Much Ado About Nothing
Ecologic progress loses out yet again in Champagne's latest. cahier des charges changes
Between the hurricanes and tornadoes, wildfires, floods and droughts, it seems climate change is remodeling the wine industry on many fronts. Several wine regions have implemented more ecological measures in the vineyard, winery and packaging, hoping this will keep more climate induced disasters at bay. Champagne has long had a conflicted relationship with climate change action. For the last four decades, the Quality and Sustainability department of the Comité Champagne (CIVC) has been trying to reduce the appellation’s carbon footprint, and they have made a lot of progress. Nevertheless, the reduction of chemical sprays – and especially herbicides - and unnecessary packaging, is something the Champenois struggle to let go of.
In the case of herbicides, there has been plenty of lip service about reductions; in 2018, both co-presidents of the CIVC – Maxime Toubart, who still today presides over the Syndicat Général des Vignerons (SGV), and Jean-Marie Barillère, the previous president of the Union des Maisons de Champagne (UMC) – even went as far as announcing, with a lot of bells and whistles, that the Champagne region would have eradicated all herbicides by 2025. However, one look at the orange scorched vineyard soils this spring, easily illustrates how far the actual herbicide practices in the region diverge from this lofty promise. Something also backed up by CIVC herbicide usage data; the herbicide IFT has been increasing year on year both in 2023 and 2024.
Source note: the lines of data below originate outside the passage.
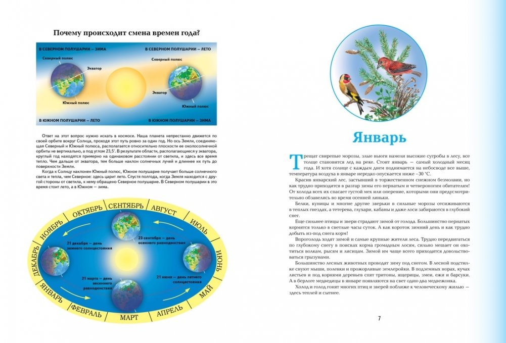 Перед вами уникальная энциклопедия, которая дает полное представление о флоре и фауне средней полосы России, а также позволяет проследить за сезонными изменениями природы. Юные читатели увидят, как один и тот же пейзаж меняется в зависимости от времени года – с января по декабрь, познакомятся с животным и растительным миром этой местности, узнают о приметах каждого месяца. Красочные иллюстрации помогут совершить интересную и познавательную экскурсию по временам года, научат любить родную природу.
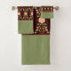 Peach And Green With Dark Brown Bath Towel Set
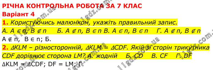 РІЧНА КОНТРОЛЬНА РОБОТА ЗА 7 КЛАС Варіант 4 1. Користуючись малюнком, укажіть правильний запис. A. А ∈ n, В ∉ n Б. А ∉ n, В ∈ n B. А ∈ n, В ∈ n Г. А ∉ n, В ∉ n A ∉ n, B ∈ n; Б. 2. ∆КLМ – різносторонній, ∆КLМ = ∆СDF. Якій зі сторін трикутника СDF дорівнює сторона LМ? А. жодній Б. СD В. СF Г. DF ∆KLM = ∆CDF; DF = LM; Г.
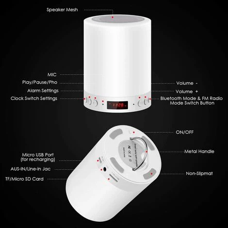 - Lampe de chevet + haut-parleur + réveil + horloge 4 en 1: C’est un appareil polyvalent qui combine une lampe de bureau + audio + réveil + réveil. Il vous procurera un confort sans fin pour votre vie.
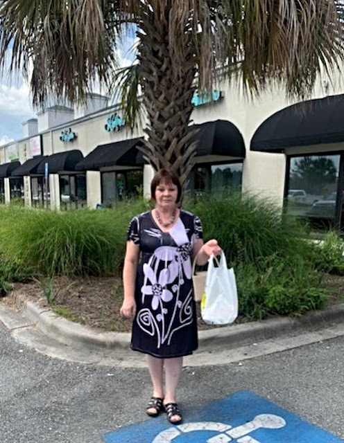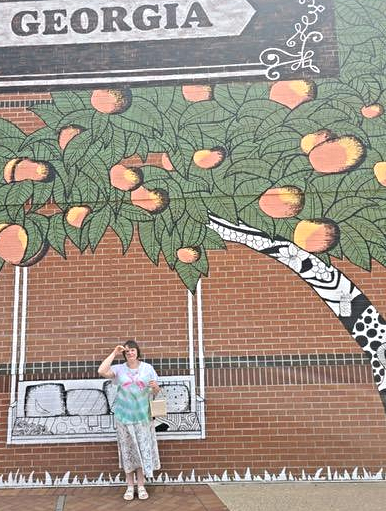 Возле стены, перед входом в молл, чтобы видно было,что я побывала в Джорджии:
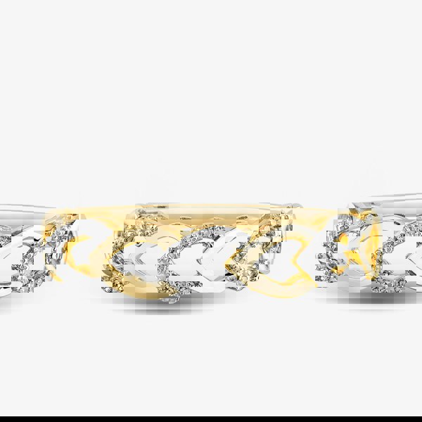 An attractive ring that has been created in 9ct yellow gold and features seven open heart motifs which are alternating plain and diamond set. With a total diamond carat weight of 0. 10ct this modern take on a traditional design is the perfect choice for your loved one.
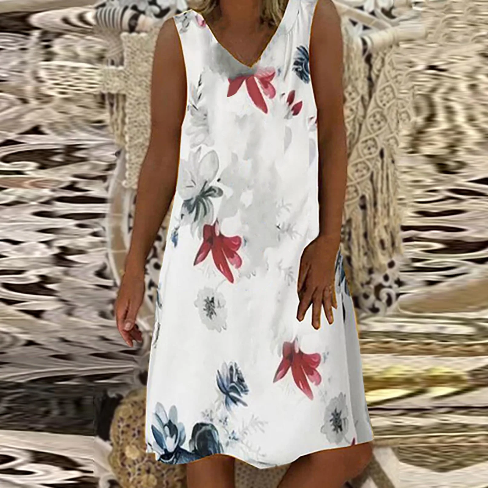 Цветочные платья без рукавов и с принтом для женщин, повседневное летнее пляжное платье с v-образным вырезом для отдыха, летнее платье для женщин, плюс размер, сарафан
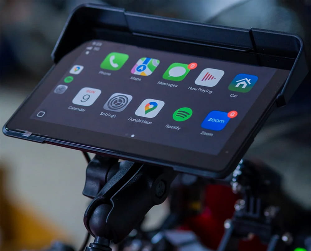 Wyświetlacz IPS o przekątnej 7 cali zapewnia dobrą widoczność nawet w pełnym słońcu. Antyodblaskowa osłona eliminuje refleksy, co pozwala bez problemu śledzić trasę i korzystać z aplikacji. Panel reaguje na dotyk nawet w rękawiczkach motocyklowych, dzięki czemu obsługa jest szybka i bezpieczna.
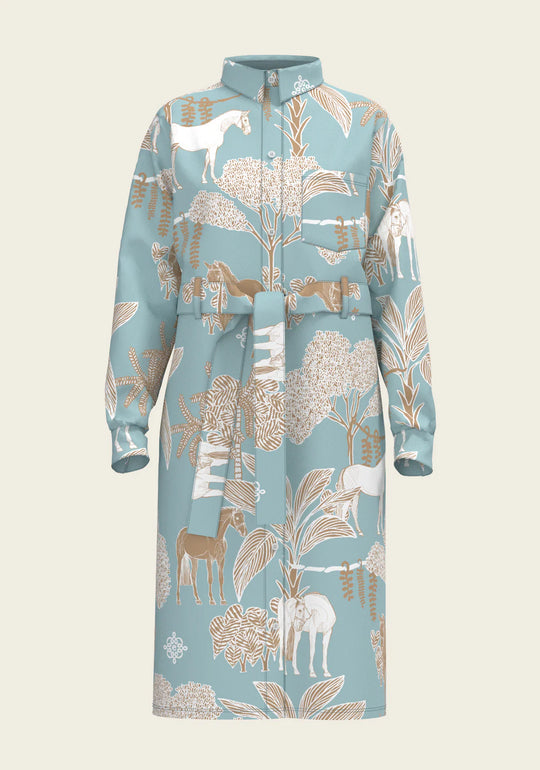 Island Horses on Sky Blue | Long Sleeve Shirt Dress
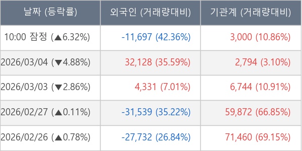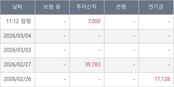 [표] 주요 기관별 순매매량 (단위 주)

Nonetheless, this spring, when the Champagne vine-scape once again looked more like a nuclear wasteland than farmland, it seemed there might have been a breakthrough. The SGV voted a change to the cahier des charges (the appellation rule book) to ban all synthetic herbicides in between the vine rows – a change to be implemented by the 2025 season. On closer look, it is yet another smokescreen as very little will change; in fact things may further degenerate considering the exact wording of the ban: “The width of the strip that can use chemical herbicides is maximum 40 centimeters on either side of the vine row.”
Knowing that the majority of the region’s vineyards are planted at 1 meter to 1.2 meters between the rows (the CIVC reference in the Vignes Semi Large (VSL) study was 1.1 meter) – this merely means that herbicides will be banned in one fifth to one third of the vineyard – which is a far cry from a total ban. Moreover, this also continues to stretch the nationally set glyphosate restrictions – which originally stated the herbicide could not be applied on more than one fifth of the vineyard. While this statement was eventually dropped from the restriction, the actual quantities of glyphosate allowed (450g/ha/year) remain one fifth of the producer recommended glyphosate dose per hectare (2.25 kg/ha/year).